The first vaccine airdrop flights will begin in Van Horn in Culberson County, with additional flights scheduled to leave from Del Rio Jan. 14 and from Edinburg Jan. 20. More than 1 million baits will be distributed across 24 Texas border counties during this year’s ORVP. Those counties comprise the state’s Border Maintenance Zones. Six to nine flights are scheduled per day during ORVP, with aircraft flying at 500 to 1,000 feet above ground along half-mile interval lines.

The oral rabies vaccines, enclosed in small, plastic packets that resemble fast-food ketchup packages, are dipped in fish oil and coated with fish-meal crumbles to attract targeted wildlife. They do not pose a threat to pets or other non-canine wildlife. The annual project costs approximately $2.3 million and is funded by the State of Texas and the USDA Animal and Plant Health Inspection Service/Wildlife Services.

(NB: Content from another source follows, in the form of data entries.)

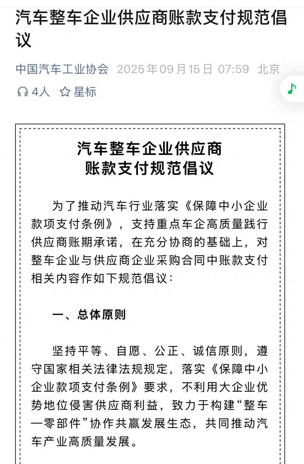 中汽协方面表示,这是为了推动汽车行业落实《保障中小企业款项支付条例》,支持重点车企高质量践行供应商账期承诺,在充分协商的基础上,对整车企业与供应商企业采购合同中账款支付相关内容作规范倡议;不利用大企业优势地位侵害供应商利益,致力于构建“整车—零部件”协作共赢发展生态,共同推动汽车产业高质量发展。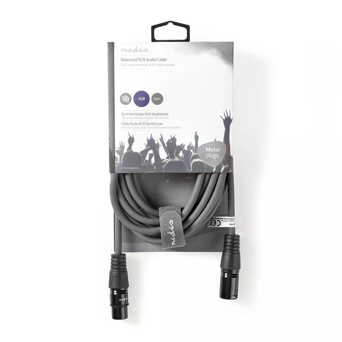 Cablu XLR stereo Nedis XLR 3 pini tata – XLR 3 pini mama 5m gri.
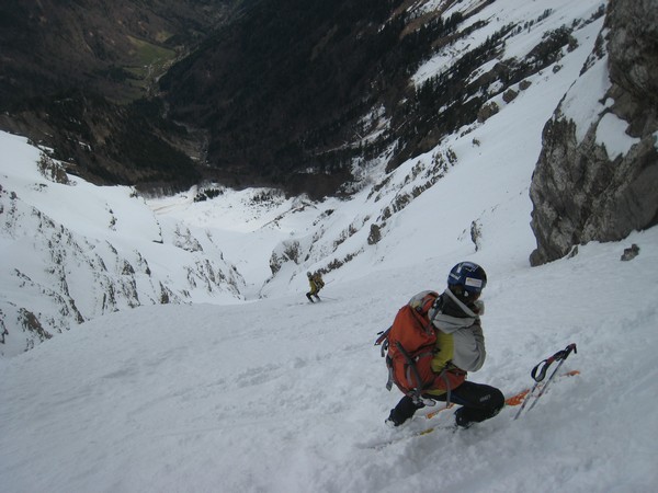 Montée sous le couloir du Varo, dans le couloir à la bifurcation je laisse le soin à mes collègues de s'occuper de la cascade de glace! Je remonte F1O (couloir central) et eux la variante directe. Jonction au sommet . Descente de la directe jusqu'à la cascade de glace du haut (Stéphane l'acrobate arrive quand même a passé! il déchausse au dessus de la cascade du bas). Remontée au col pour tous et descente du central, remontée par mes soins!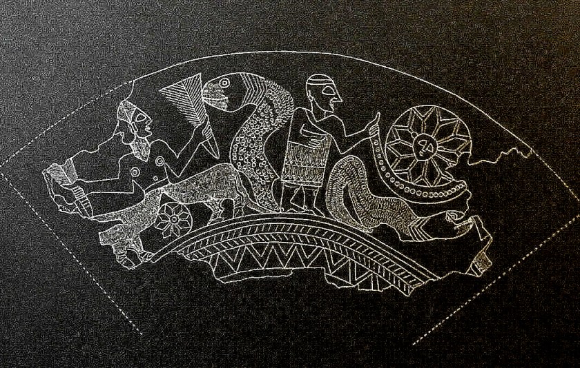 Первая сцена запечатлела двух, симметричных по отношению друг к другу существ (вторая фигура практически не сохранилась). Они держат предмет в форме полумесяца, украшенный кружочками, над которым расположен круг, а в нём можно разглядеть человеческое лицо, обрамлённое двенадцатью лепестками, вероятно это изображение розетты (орнаментальный мотив в виде распустившегося цветка с одинаковыми лепестками) или звезды, солнца.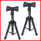 耐久性に優れた構造 太さ3.5㎝の鉄スチール材パイプ仕様の強化構造と黒色仕上げを特徴としており、耐久性と信頼性を兼ね備えています。 【商品仕様】素材:ABS樹脂(スタンドトレイ)、鉄スチール材(3.5㎝パイプ)、荷重:50㎏、重量:1.6㎏、高さ:4段階調整可能(約60-120㎝)、脚広がり幅:約25-50㎝、安全ソリッドピン付き、滑り止めフットカバー付き【セット内容】折りたたみ式2本組

ORVP is in its 31st year and has proven to be an effective defense against the spread of the domestic dog/coyote rabies variant and the Texas gray fox variant. Before the rabies vaccination program began, Texas had experienced human deaths due to canine rabies, and many people had to receive postexposure rabies treatment following infection.

The first ORVP bait drop was held in 1995 in South Texas. Texas had 122 animal cases of the domestic dog/coyote rabies variant in 1994, the year before the first airdrop, but that dropped to zero cases by the year 2000. There have been two cases due to the domestic dog/coyote rabies virus variant since that time (one in 2001 and one in 2004), but both of those cases were within a mile of the Rio Grande River.

The first vaccine airdrop targeting the fox variant was conducted in 1996 in West and Central Texas. There were 244 animal cases from this variant in 1995, but that dropped to zero cases by May 2009. A case of fox variant rabies was identified in a cow in 2013 but following expanded bait distribution in the following three years, no additional gray fox variant cases have been identified in the state.

No human cases of rabies attributable to these rabies variants have been identified since ORVP began.